Okay so admitting my fears, the ones deep in my heart, isn’t always easy for me. The women in my family are strong and tend to withstand the storms of life quite well and manage to shed or heal from the emotional and mental debris pretty quickly with minimal scars to show for the most part.
Last year is over, quite possibly it will rank up there as one of the top 5 worst by the time I breathe my last, which won’t be for a long time to come I do so hope. This road I’ve traveled called LIFE has been known to take me over some very rough terrain and 2010 was no exception.
When I marry it is for life. I take very seriously the vows, the covenant of marriage, made before God, family and friends. I will stay in a bad situation because of the level of commitment I make. Both marriages ended because the husband side bailed on those carefully chosen words and promises. The first marriage only lasted a few years, the second almost 22! My heart was very nearly destroyed this time, and I swear it hurt to even breathe for quite some time.
I built a very protective wall around what was left and vowed never to allow myself to be so vulnerable again, to FEEL again the kind of love that would give of myself forever. With the aid of Lexapro I was able to flat line enough not to really FEEL anything at any depth and that was a good thing (better living through chemistry!). And then I met Mr. Wonderful. I knew him from years ago but now I really KNOW him. For four months we’ve been getting to know each other and some how my heart began to feel in spite of me. And I feared it must be pretty strong to make it beyond the comfortably numb existence of the medication.

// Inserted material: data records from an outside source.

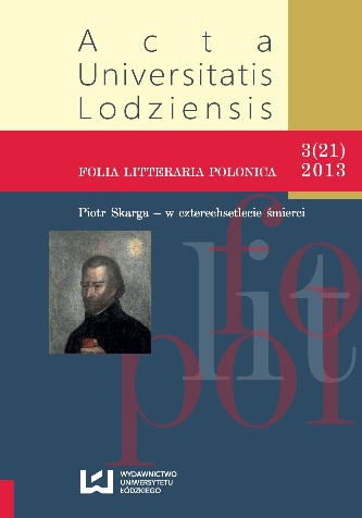 This paper concerns strategies which were applied by Skarga when he was translating the Good Friday oration of Italian Jesuit Stefano Tuccio (delivered before Pope Gregory XIII in 1583). The strategies were divided into four groups (according to translatological and rhetorical key): adiectio, detractio, transmutatio i immutatio. The very brief sermon demanded special tools. Skarga performed an unusual task. He retained spirit of the original and at the same time demonstrated an invention. The preacher had to choose between two strategies of translation – the method of words and the method of a sentence (or a sense). He unambiguously decided for the second one. His fundamental unit of translation was a sentence (its sense, a rhetorical figure, a sound), not a word. Skarga was the translator but primarily he felt he was the rhetor and this (his rhetorical preparation and skill) determined the character of the translation.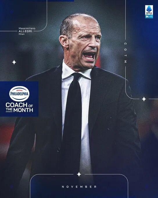 據(jù)意甲官網(wǎng)消息,米蘭主帥阿萊格里被評(píng)為聯(lián)賽11月最佳主帥。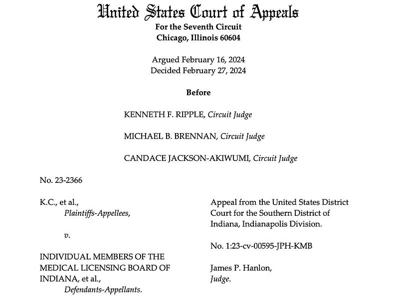 BREAKING: The U.S. Court of Appeals for the Seventh Circuit on Tuesday allowed Indiana’s ban on gender-affirming medical care for minors to go into effect as to the use of hormones or puberty blockers for transgender minors, as well as an unusual “aiding or abetting” provision, for the first time since the law’s passage in 2023.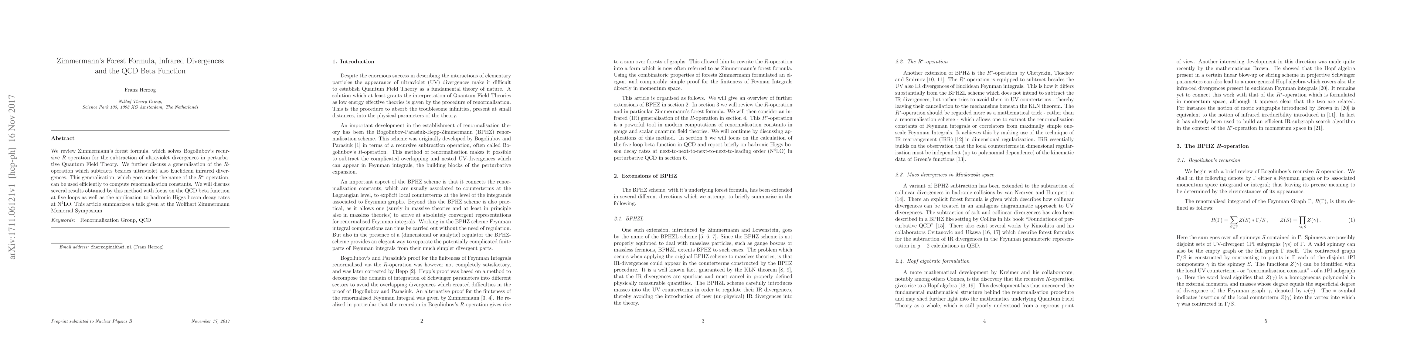 This paper reviews Zimmermann's forest formula for UV divergence subtraction, introduces an R*-operation for both UV and Euclidean IR divergences, and presents applications in calculating the QCD beta function at five loops and hadronic Higgs decay rates at N^4LO.

Recently I reduced the medication taking only half the prescribed dose. Don’t worry I asked the Doc to dial it back some, knowing it was perhaps a bit too high when the news of my mother’s cancer returning did not bring tears. Oh I FELT the fear but could not express it, I could not cry though I felt the cry there. It has been a week and feeling is back.
In church Sunday for the first time in so very long the tears came and flowed, sweet release at last of the feelings inside. This is, as Martha Stewart would say, a very good thing.

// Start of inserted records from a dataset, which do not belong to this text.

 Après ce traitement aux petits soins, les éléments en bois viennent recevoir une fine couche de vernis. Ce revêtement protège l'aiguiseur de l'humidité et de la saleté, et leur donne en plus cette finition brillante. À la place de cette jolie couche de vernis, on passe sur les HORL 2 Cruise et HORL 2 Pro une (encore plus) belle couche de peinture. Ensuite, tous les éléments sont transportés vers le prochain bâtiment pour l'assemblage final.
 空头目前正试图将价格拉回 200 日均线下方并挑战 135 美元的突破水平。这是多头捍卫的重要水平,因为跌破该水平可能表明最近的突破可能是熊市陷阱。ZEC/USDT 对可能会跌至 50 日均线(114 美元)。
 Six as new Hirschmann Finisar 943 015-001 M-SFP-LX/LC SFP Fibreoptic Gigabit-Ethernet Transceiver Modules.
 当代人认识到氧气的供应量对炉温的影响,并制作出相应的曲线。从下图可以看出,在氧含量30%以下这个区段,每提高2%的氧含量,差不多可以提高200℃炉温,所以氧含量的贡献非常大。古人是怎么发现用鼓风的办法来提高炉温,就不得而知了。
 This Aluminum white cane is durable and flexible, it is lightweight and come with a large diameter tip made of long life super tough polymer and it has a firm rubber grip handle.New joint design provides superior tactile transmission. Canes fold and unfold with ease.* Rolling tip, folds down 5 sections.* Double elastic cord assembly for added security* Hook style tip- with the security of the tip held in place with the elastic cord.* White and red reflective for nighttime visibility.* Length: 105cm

Trouble is with the feelings able to truly be felt and not just be something I am aware of, comes fear. I am able to fear things again, not irrationally or to extremes, but the FEELING that fear brings at times. And other feelings that make me scared.
I’m terrified of hurting again with the feelings I have for Mr. Wonderful. I feel things I have never felt for anyone else before (watch for part 2 of the Sexual Purity posts for more details), and I while I really want this to last I am not certain we are not both so jaded from broken hearts that it will never work. My heart, soul, mind and body are connected to him, to lose that will leave an incredible hole in me. I’m so confused and afraid right now, so unsure of the unknown and where he is in all of this.
I’m fearful about my mom’s cancer. She beat breast cancer 11 years ago. 2 years ago her appendix was invaded by a type of colon cancer and we had so hoped she beat that but it is back again. This is the 4th time I’ve had to face and accept her mortality (she also had a heart attack a few years ago), and it isn’t at all easy to consider her not being around for a long time to come.
I know I need to trust in the Lord to get me through whatever is to come, but sometimes that is SO hard. Fear is the enemy….
Psalm 18:1-3 (New King James Version)
1 I will love You, O LORD, my strength.
2 The LORD is my rock and my fortress and my deliverer;
My God, my strength, in whom I will trust;
My shield and the horn of my salvation, my stronghold.
3 I will call upon the LORD, who is worthy to be praised;
So shall I be saved from my enemies.